Some examples of how funding could be used include:

  • employing more qualified teachers
  • providing children with transport to their ECE service or kōhanga reo
  • reducing fees for low income parents
  • providing food for children
  • supporting teachers’ professional learning and development and cultural  competence 
  • freeing up staff time for parental and community engagement. 

The Ministry encourages services and ngā kōhanga reo to target extra funding to children in their service they consider most in need.

What information will be communicated to services and ngā kōhanga reo?

In December each year, along with their annual funding entitlement, services and ngā kōhanga reo will be told the percentage of their FCHs we estimate will be generated by children at risk of underachievement the following year.  

In some cases, the Ministry will round this percentage to ensure children’s privacy is protected (such as, for particularly small services).

What information will the Ministry use to estimate attendance?

Where possible, Early Learning Information (ELI) data will be used to estimate the attendance of children at risk of underachievement.     

If a service has not connected to ELI, or has only recently connected, the Ministry will in most circumstances use information from the ECE Census.

The Ministry will only use ECE Census data for services that have a clear reason for not submitting the required ELI data. For example, services that have experienced issues with the compatibility of their student management system (SMS) and ELI are considered to have a clear reason.

How does Targeted Funding for Disadvantage relate to Equity Funding?

Targeted Funding for Disadvantage will not impact the level of Equity Funding services and ngā kōhanga reo receive.

This initiative is not replacing Equity Funding. It is intended to complement Equity Funding Component A and its objective of reducing educational disparities in New Zealand.

How does Targeted Funding for Disadvantage relate to the current Review of Education Funding Systems (Funding Review)? 

The Government has confirmed that the Equity Index (EQI) used to allocate Equity Component A funding for early childhood education services me ngā kohanga reo (services) will be replaced in 2020 with a Risk of Not Achieving Index (Risk Index).

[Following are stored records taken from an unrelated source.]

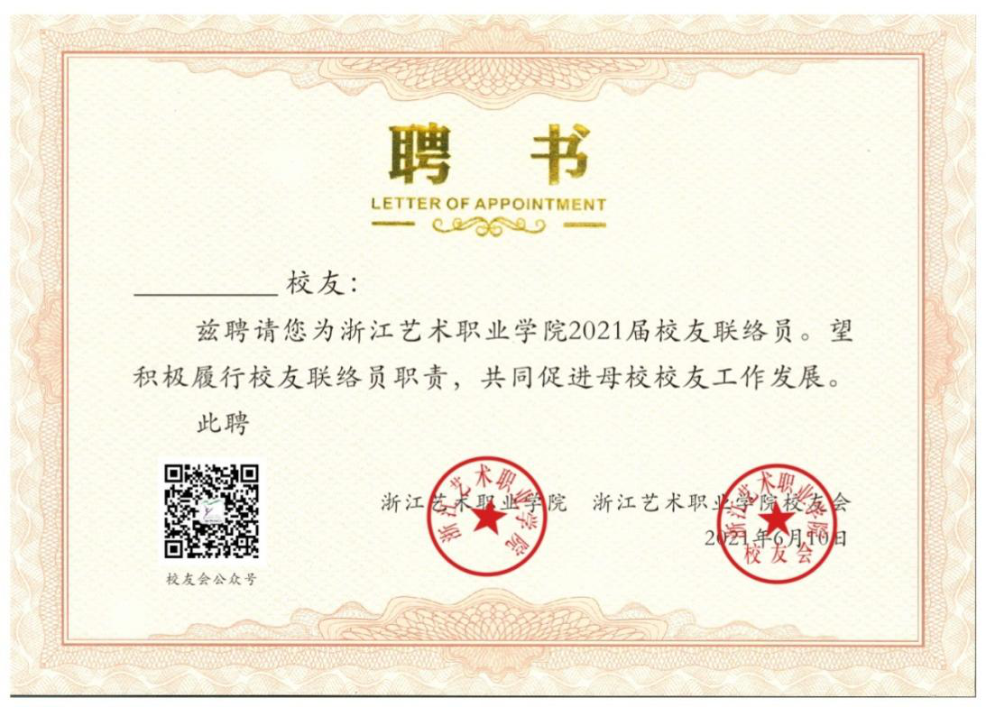 校友联络员聘书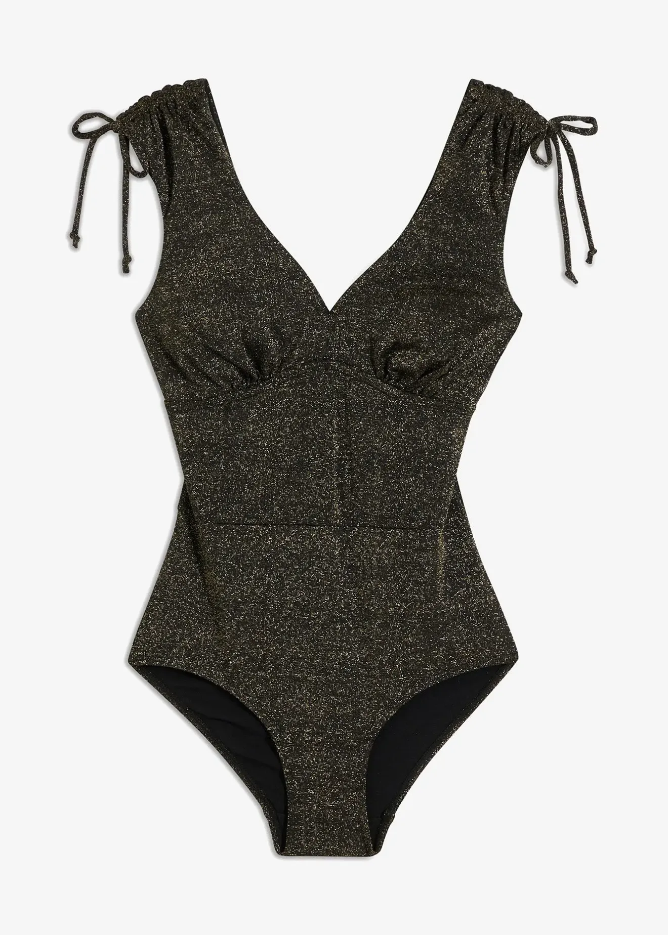 Maillot 1 pièce sculptant et brillant à larges bretelles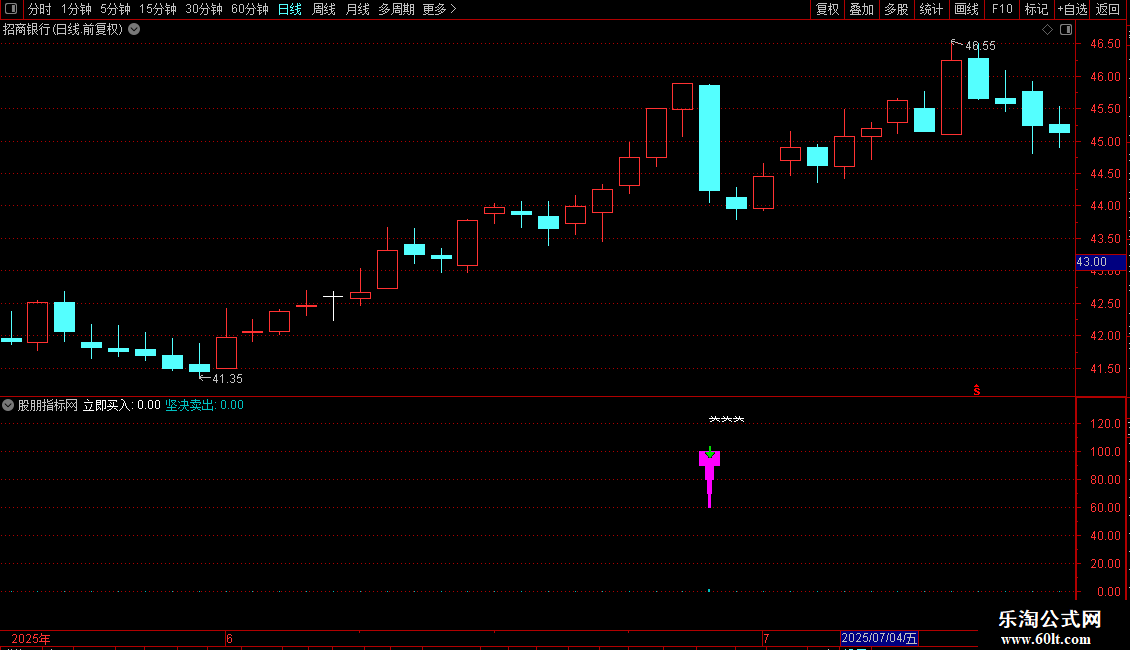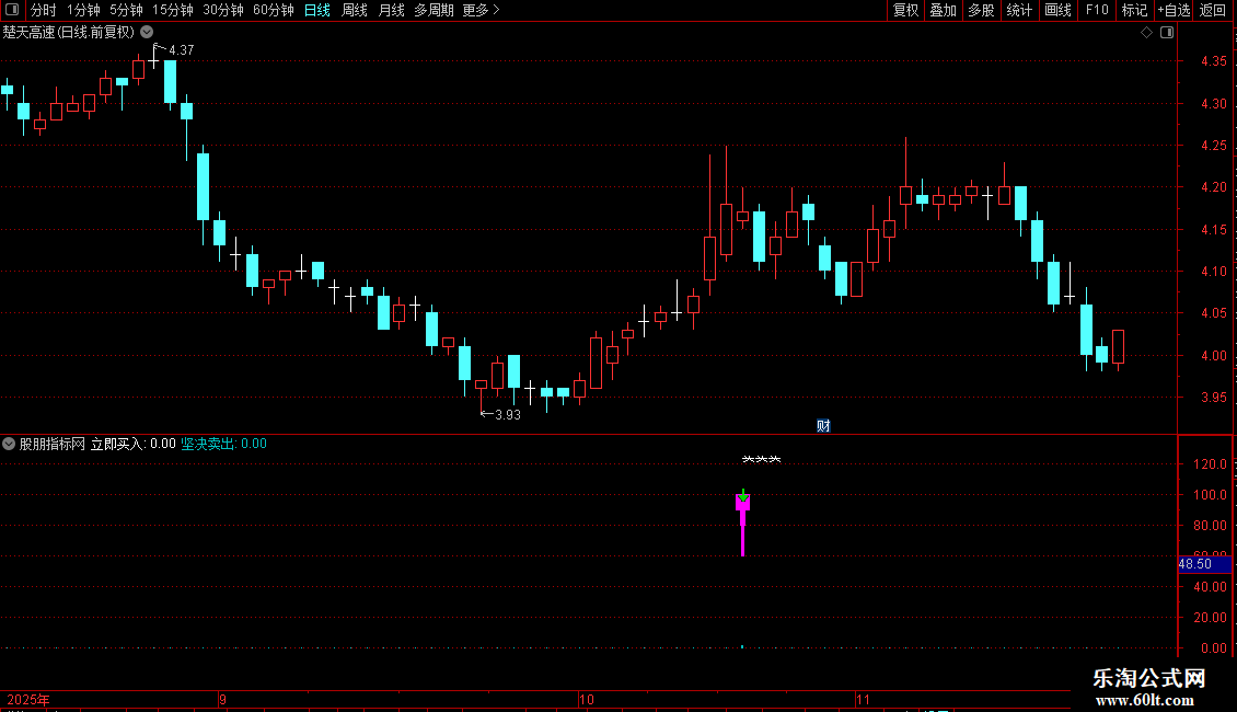 指标通过识别短期价格低点共振与强势突破信号产生买入提示,同时利用动量超买指标捕捉卖出时机。操作策略为:当出现短期底部确认且价格强势上攻时立即买入;当动能指标从高位回落时坚决卖出。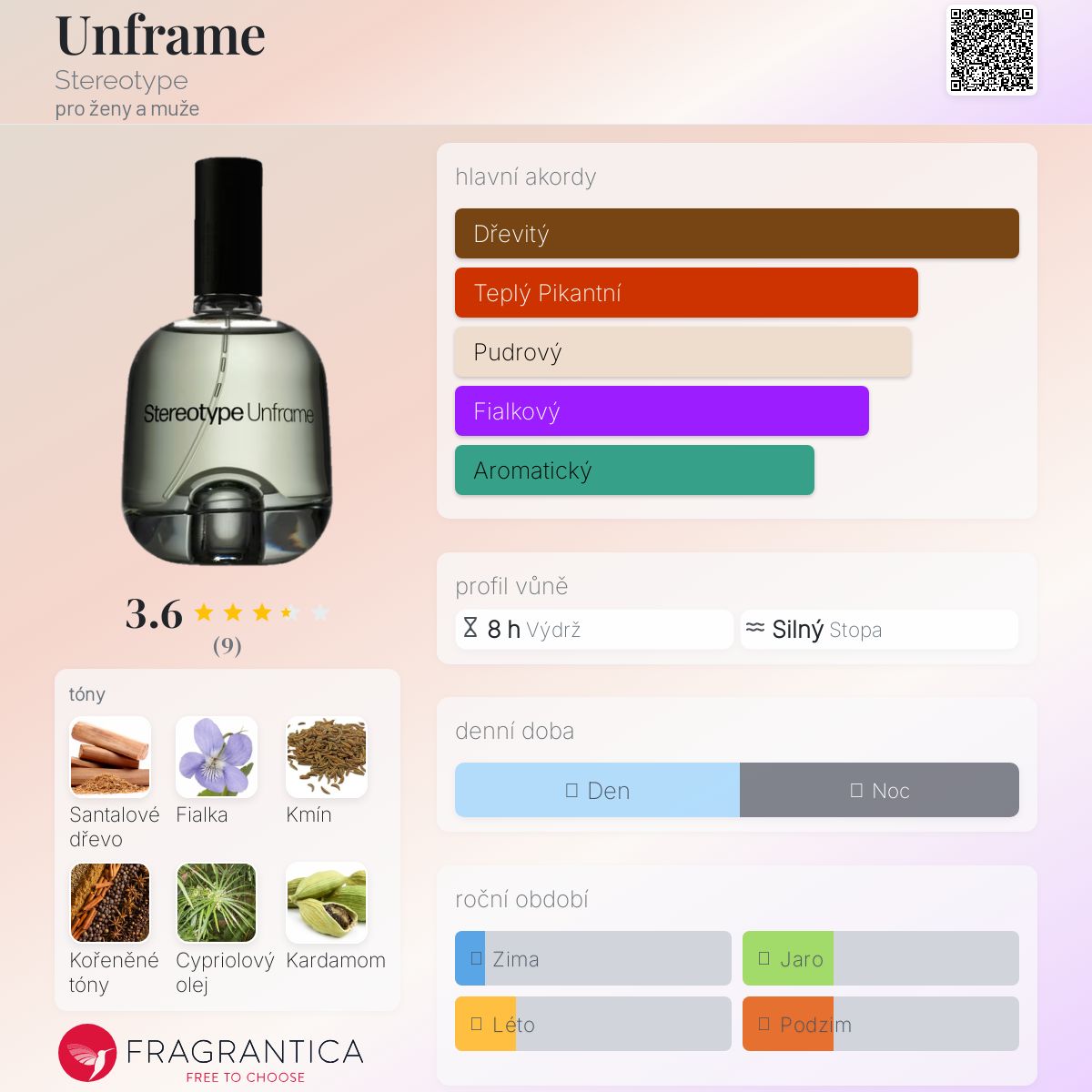 Unframe podle Stereotype je Woody Spicy vůně pro ženy a muže. Toto je nová vůně. Unframe byl/a uveden/a v roce 2025. "Nosem" za touto vůní je Angéline Leporini. Vrchní tóny jsou Kmín, Koření, Kardamom a Bazalka; střední tóny jsouSantalové dřevo, Fialka a Cypriolový olej ; základní tóny jsou Santalové dřevo, Mléko, Cedr a Pižmo.

Targeted Funding for Disadvantage will allocate funding in a similar manner to the new Risk Index. However, it only uses one factor (welfare dependency) to estimate a child’s risk of underachievement, as opposed to the multiple factors that will be used in the Risk Index.

From 2020 the Risk Index will be used to calculate Equity Funding Component A and Targeted Funding for Disadvantage.

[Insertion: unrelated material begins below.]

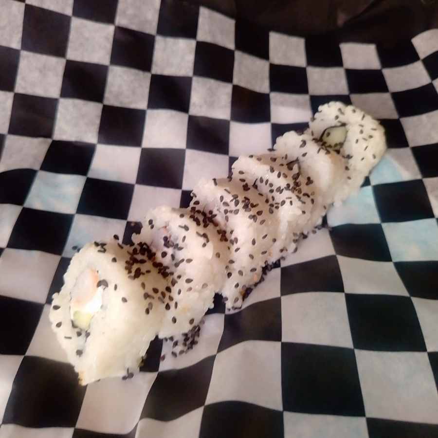 Por dentro: camaron, pepino, philadelphia y aguacate Por fuera: ajonjoli negro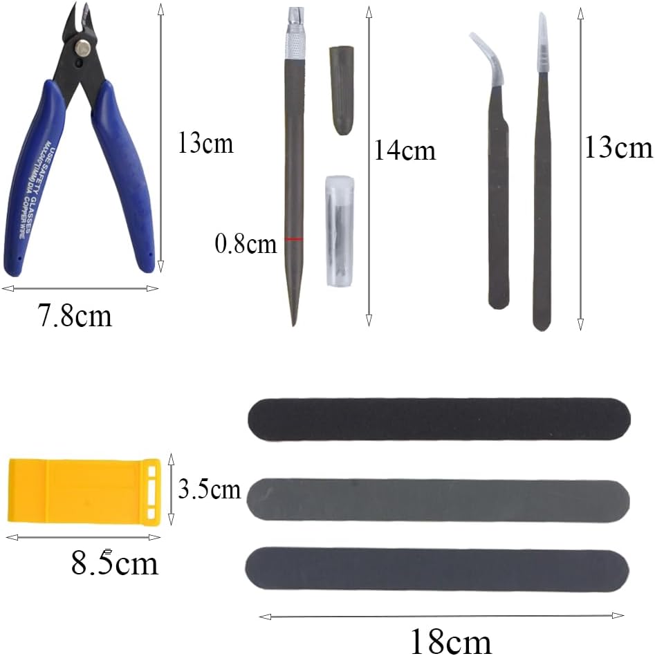 Include strumenti di base: il set di strumenti di modellazione di base include strumenti da 6 pezzi: pinza laterale da 1 pezzo, pinzetta da 2 pezzi, blocco per lucidatura 1 set, coltello da penna da 1 pezzo, separatore di modello da 1 pezzo. Dimensioni del set di strumenti di modellazione di base: la dimensione della pinza laterale è 13,5 * 5,5 cm. Le dimensioni delle pinzette sono 13 cm. Le dimensioni dei blocchi di lucidatura sono 18 cm. La dimensione del coltello a penna è di 14 cm. La dimensione del separatore del modello è 8,5 * 3,5 cm. Leggero e portatile: il kit di attrezzi è leggero. È comodo da trasportare e utilizzare. Metallo e materiale plastico: il set di strumenti di modellazione di base è realizzato in metallo e plastica. La pinza laterale è realizzata in acciaio al carbonio. La pinzetta è realizzata in acciaio inossidabile. E il separatore del modello è realizzato in plastica. E il set di blocchi di lucidatura è fatto di legno e carta vetrata. Il coltellino è realizzato in acciaio al carbonio e plastica. Ampie applicazioni: il set di strumenti di modellazione di base è adatto sia ai principianti che ai modellisti avanzati. Puoi usarlo per creare molti modelli.

Will there be any accountability requirements in addition to those in place for Equity Funding?

Targeted Funding for Disadvantage will adopt the reporting and accountability requirements currently in place for Equity Funding.

Funding must be spent in line with the objectives of the Equity Funding, which focus on reducing educational disparities in New Zealand.  

Services and ngā kōhanga reo that receive Equity Funding are also required to report to the Ministry of Education, parents and the community on how funding is spent. To ensure funding is used to best effect, the Ministry intends to clarify the required standard for the reporting of this information.

How will the Ministry protect privacy and data security?

As part of this initiative, the Ministry will complete a Privacy Impact Assessment as per the best practice guidelines published by the Privacy Commissioner. This will be posted on the Ministry’s website in late 2017.

The Privacy Impact Assessment will identify, and develop strategies to mitigate, any privacy and data security risks that may occur during the implementation of this initiative.